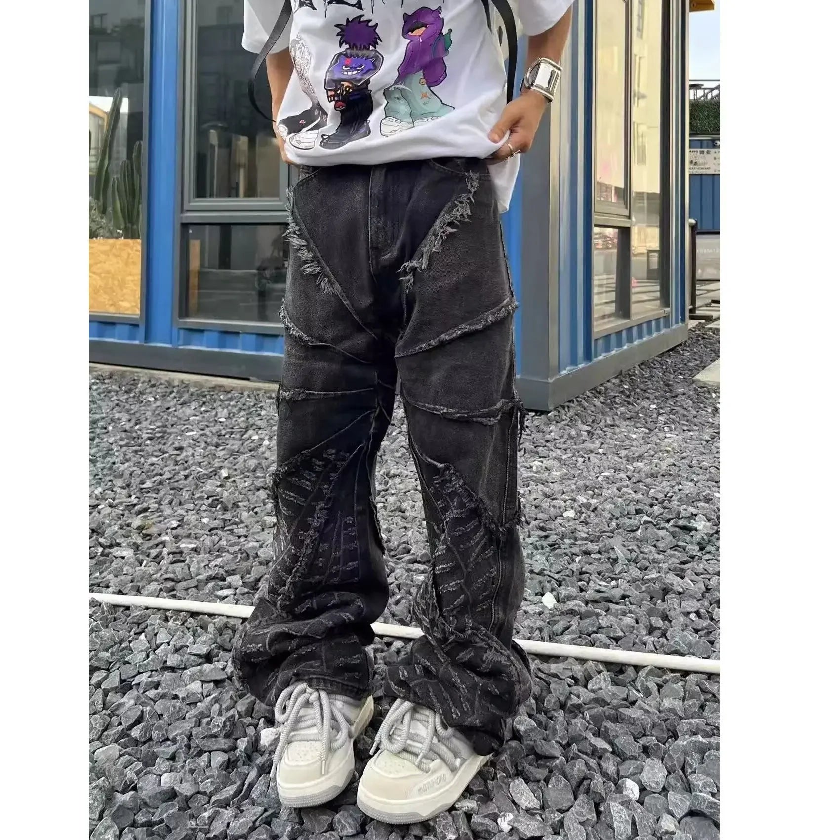 The Y2K Black Baggy Jeans are everything your wardrobe needs to channel that nostalgic yet futuristic vibe of the early 2000s. Designed with a contemporary twist on retro streetwear, these jeans are the perfect blend of comfort, versatility, and bold style. Whether you're strutting the urban streets or curating your techwear-inspired look, these jeans are a must-have piece to elevate your outfit game.
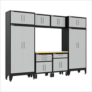 NewAge Garage Cabinets BOLD Series Platinum 9-Piece Set with Stainless Steel Top and LED Lights
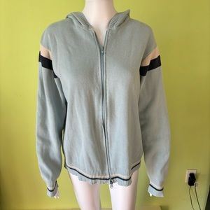 VINTAGE Y2K GAP BABY BLUE ZIP UP RIBBED EDGE STRIPE ACCENT HOODIE SIZE LARGE
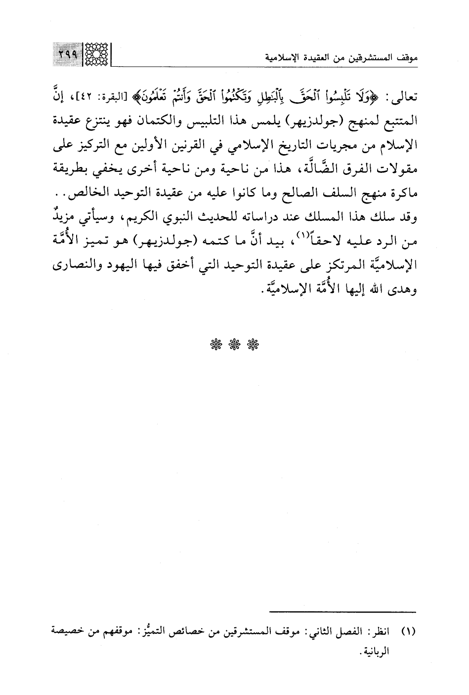 تعالى: {وَلَا تَلْبِسُوا الْحَقَّ بِالْبَاطِلِ وَتَكْتُمُوا الْحَقَّ وَأَنْتُمْ تَعْلَمُونَ} [البقرة: 42]، إنَّ المتتبع لمنهج (جولدزيهر) يلمس هذا التلبيس والكتمان فهو ينتزع عقيدة الإسلام من مجريات التاريخ الإسلامي في القرنين الأولين مع التركيز على مقولات الفرق الضَّالَّة، هذا من ناحية ومن ناحية أخرى يخفي بطريقة ماكرة منهج السلف الصالح وما كانوا عليه من عقيدة التوحيد الخالص. . وقد سلك هذا المسلك عند دراساته للحديث النبوي الكريم، وسيأتي مزيدٌ من الرد عليه لاحقًا (¬1)، بيد أنَّ ما كتمه (جولدزيهر) هو تميُّز الأُمَّة الإسلاميَّة المرتكز على عقيدة التوحيد التي أخفق فيها اليهود والنصارى وهدى اللَّه إليها الأُمَّة الإسلاميَّة.
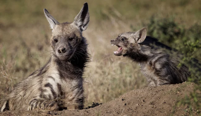 Второй пунктик, объясняющий миролюбивость этих зверей, — они предпочитают одиночество. Справедливости ради, не тотальное: в зависимости от места жительства и количества доступных ресурсов гиены собираются в небольшие группы. Чем больше еды и воды в округе, тем дольше звери будут оставаться вместе. Состав гиеньих групп бывает разным: например, в некоторых африканских популяциях замечали самку и сразу несколько самцов. А вот в Центральной Азии видели разнополую пару. Также в любой стае могут остаться детёныши из предыдущего помёта.
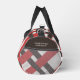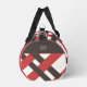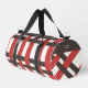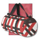 Retro woven pattern in three colors. Red and brown lines on an almost white background. Brown areas on the sides offer space for your name, slogan, or motivational quote. Classic colors for your retro-style travel bag.
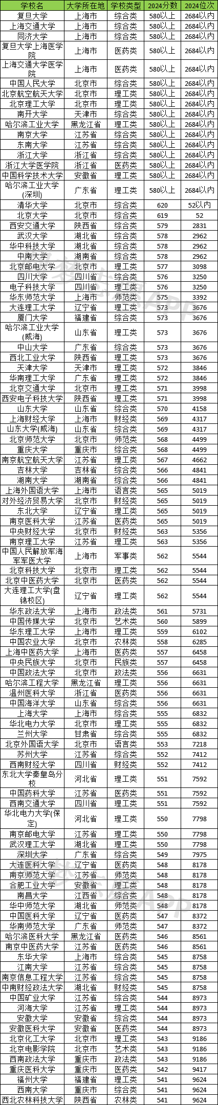 由于本文篇幅有限,在此整理的是2024年全国各本科大学(公办)在上海市本科批次的录取分数线TOP100一览表,详情如下:
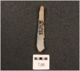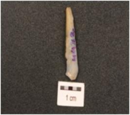 | Description / विवरण | Parallel sided blade, prominent bulb with striking platform, use-wear marks on both working edge and mid ridge on dorsal surface. |

What is required: Reproduce all of the material exactly, apart from the pictures.

Written answer:
 The Y2K Black Baggy Jeans are everything your wardrobe needs to channel that nostalgic yet futuristic vibe of the early 2000s. Designed with a contemporary twist on retro streetwear, these jeans are the perfect blend of comfort, versatility, and bold style. Whether you're strutting the urban streets or curating your techwear-inspired look, these jeans are a must-have piece to elevate your outfit game.
 NewAge Garage Cabinets BOLD Series Platinum 9-Piece Set with Stainless Steel Top and LED Lights
 VINTAGE Y2K GAP BABY BLUE ZIP UP RIBBED EDGE STRIPE ACCENT HOODIE SIZE LARGE
 تعالى: {وَلَا تَلْبِسُوا الْحَقَّ بِالْبَاطِلِ وَتَكْتُمُوا الْحَقَّ وَأَنْتُمْ تَعْلَمُونَ} [البقرة: 42]، إنَّ المتتبع لمنهج (جولدزيهر) يلمس هذا التلبيس والكتمان فهو ينتزع عقيدة الإسلام من مجريات التاريخ الإسلامي في القرنين الأولين مع التركيز على مقولات الفرق الضَّالَّة، هذا من ناحية ومن ناحية أخرى يخفي بطريقة ماكرة منهج السلف الصالح وما كانوا عليه من عقيدة التوحيد الخالص. . وقد سلك هذا المسلك عند دراساته للحديث النبوي الكريم، وسيأتي مزيدٌ من الرد عليه لاحقًا (¬1)، بيد أنَّ ما كتمه (جولدزيهر) هو تميُّز الأُمَّة الإسلاميَّة المرتكز على عقيدة التوحيد التي أخفق فيها اليهود والنصارى وهدى اللَّه إليها الأُمَّة الإسلاميَّة.
 Второй пунктик, объясняющий миролюбивость этих зверей, — они предпочитают одиночество. Справедливости ради, не тотальное: в зависимости от места жительства и количества доступных ресурсов гиены собираются в небольшие группы. Чем больше еды и воды в округе, тем дольше звери будут оставаться вместе. Состав гиеньих групп бывает разным: например, в некоторых африканских популяциях замечали самку и сразу несколько самцов. А вот в Центральной Азии видели разнополую пару. Также в любой стае могут остаться детёныши из предыдущего помёта.
 Retro woven pattern in three colors. Red and brown lines on an almost white background. Brown areas on the sides offer space for your name, slogan, or motivational quote. Classic colors for your retro-style travel bag.
 由于本文篇幅有限,在此整理的是2024年全国各本科大学(公办)在上海市本科批次的录取分数线TOP100一览表,详情如下:
 | Description / विवरण | Parallel sided blade, prominent bulb with striking platform, use-wear marks on both working edge and mid ridge on dorsal surface. |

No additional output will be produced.